Sunday Notes: Brewers Perrin, Padres Allen, Iggy, Indians, more

Brewers pitching prospect Jon Perrin issued his first free pass of the season on Friday night. Accompanying that solitary walk on his stat sheet are 47 strikeouts and a 2.50 ERA over 36 innings of work. Pitching for the Wisconsin Timber Rattlers, Perrin has essentially been the Midwest League equivalent of Greg Maddux in his prime.

His long-term goal isn’t necessarily to be the next Maddux. Nor is it to be the next Josh Tomlin, a more realistic control-and-command comparable. Perrin aspires to be an attorney.

The 22-year-old right-hander graduated from Oklahoma State before being drafted by Milwaukee last year in the 27th round. He took his LSAT over the winter, and if he gets an acceptance letter from his target school there’s a good chance he’ll bid baseball adieu.

“I don’t think it’s going to happen, but if I get into Harvard, I’m probably going to be out of here,” Perrin told me. “I love the game, but I think I can do more good in this world with a degree from Harvard Law School than I ever could playing baseball.”

Perrin is smart enough to know the odds are against him making it to the major leagues. His numbers may be eye-opening, but he’s also a late-round senior sign pitching in low-A. He admits to being “kind of your standard college right-hander, 88 to 92; I’m not going to blow guys’ doors off.” He will, however, fill up the strike zone with an artist’s touch.

If he does stick with baseball, Perrin feels he can reach the big leagues by “executing at a higher rate than everybody else.” He’s also fearless.

“The way I look at it, if I throw a ball on the plate to one of the best hitters in the league, I’m going to get him out seven out of ten times,” said Perrin. “If you walk into a casino with those kind of odds you’re probably going to put a lot of chips down on the table.”

The righty wasn’t as willing to gamble in the Big 12. When I asked why his college walk rate wasn’t anything special, he pointed to weapon-based probability.

“The biggest thing here is switching from metal to wood,” explained Perrin. “You can’t pitch the same way in college because they’re swinging a piece of frigging iron up there. It’s harder to get in on guys and mistakes get punished a lot more.”

Walking away from the game could pay dividends — lawyers eat steak and lobster, minor-leaguers eat at McDonald’s — but there’s a big ‘what-if’ in the equation. There is always the chance he could become the next Maddux or Tomlin.
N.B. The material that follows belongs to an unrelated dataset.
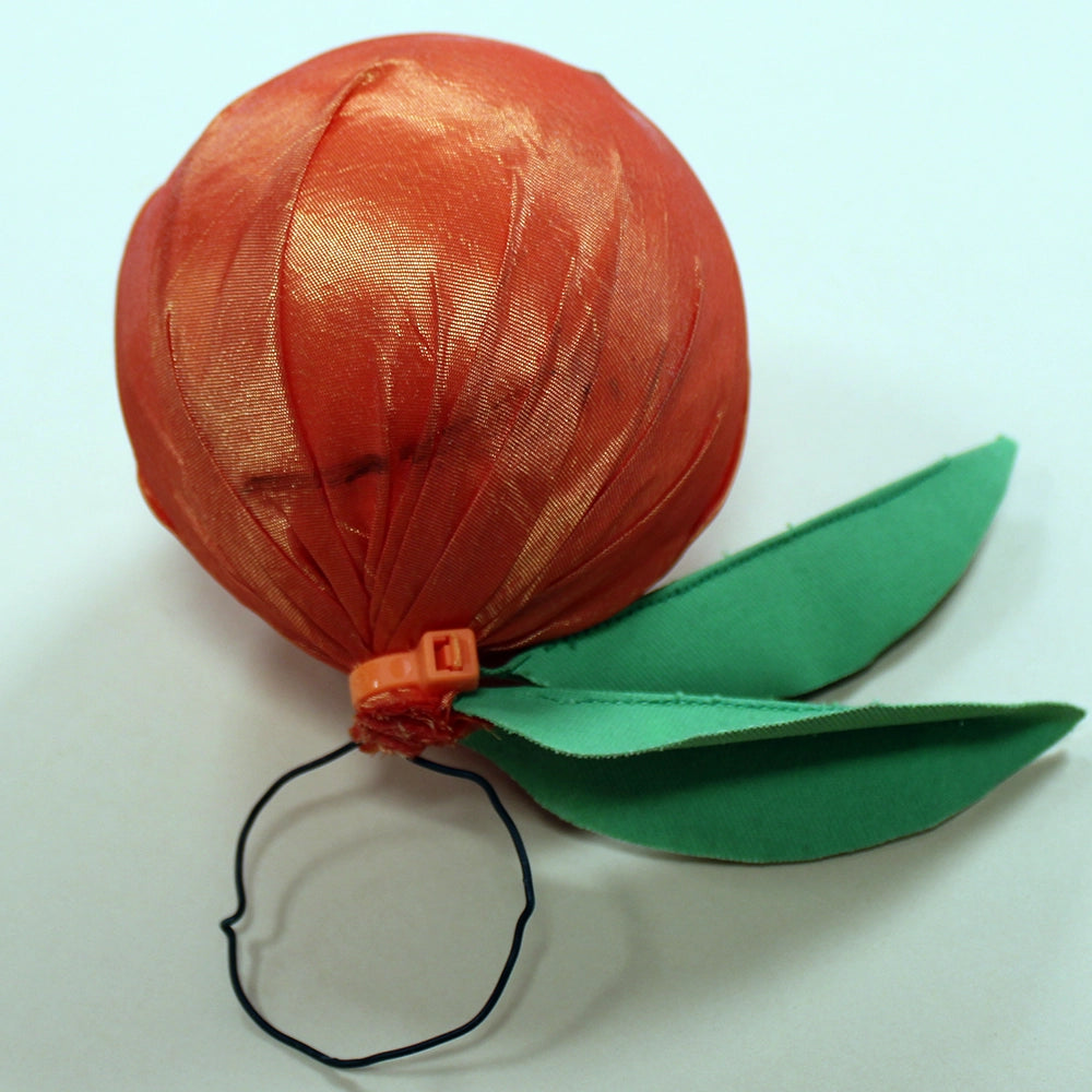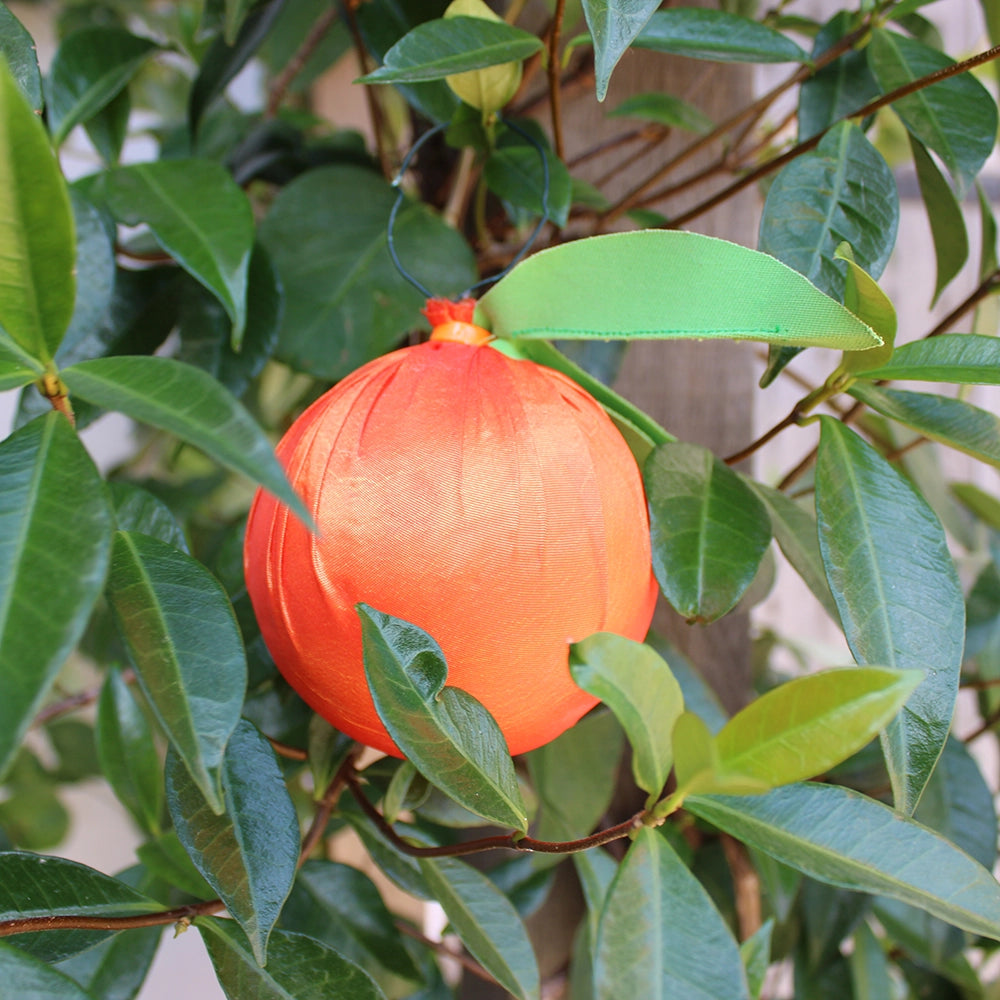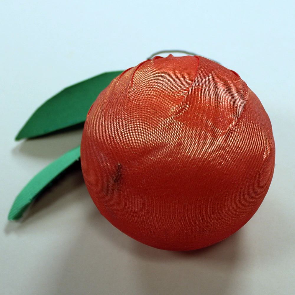 Each orange is handmade and may differ slightly from the images shown. Oranges are wrapped fabric around lightweight ball, secured at the top by an orange zip tie and include two sewn green leaves and a wire ring for hanging.

“That kind of came up when I was out to dinner with the scout who signed me,” Perrin told me. “He said, ‘Look man, you’re not a top-of-the-rotation stuff guy, but there are guys in the big leagues making $10 million a year doing what you do.’ I told him, ‘That works for me.’”


I was in Cleveland a few days after talking to Perrin, so I took the opportunity to ask Tomlin if he had any advice for the pitcher/prospective law student.

“Whichever one is your dream, chase it,” responded the Tribe righty. “If your dream is to play in the big leagues, it’s not going to be an easy road, but in the end, that not-so-easy road is really gratifying.”

Tomlin admits he wasn’t the best player on his high school, junior college, or college team. He doesn’t have a classic pitcher’s build, and his fastball isn’t all that fast. Not surprisingly, he’s had a lot of doubters over the years.

“I heard it a lot,” said Tomlin. “Nobody in the organization ever told me I couldn’t, but I’d hear the rumors on the street. People around town would say, ‘I don’t know why he’s still playing; he’s never going to make it.’

“Being an underdog, you’re always having to prove yourself to other people. You also have to keep within yourself. For me, it’s telling yourself, ‘I might not have the most overpowering stuff, but I put it where I want it and the athletes behind me are going to make the plays.’ You can’t have any fear of throwing strikes across the plate.”

He throws a lot of them. His career BB/9 is a stingy 1.49, and this year he’s walked just two batters in 23 innings. They’re usually quality strikes. Stretching back to last season, Tomlin has won 11 of his last 13 decisions while posting a 3.05 ERA.

He’s not taking his success for granted.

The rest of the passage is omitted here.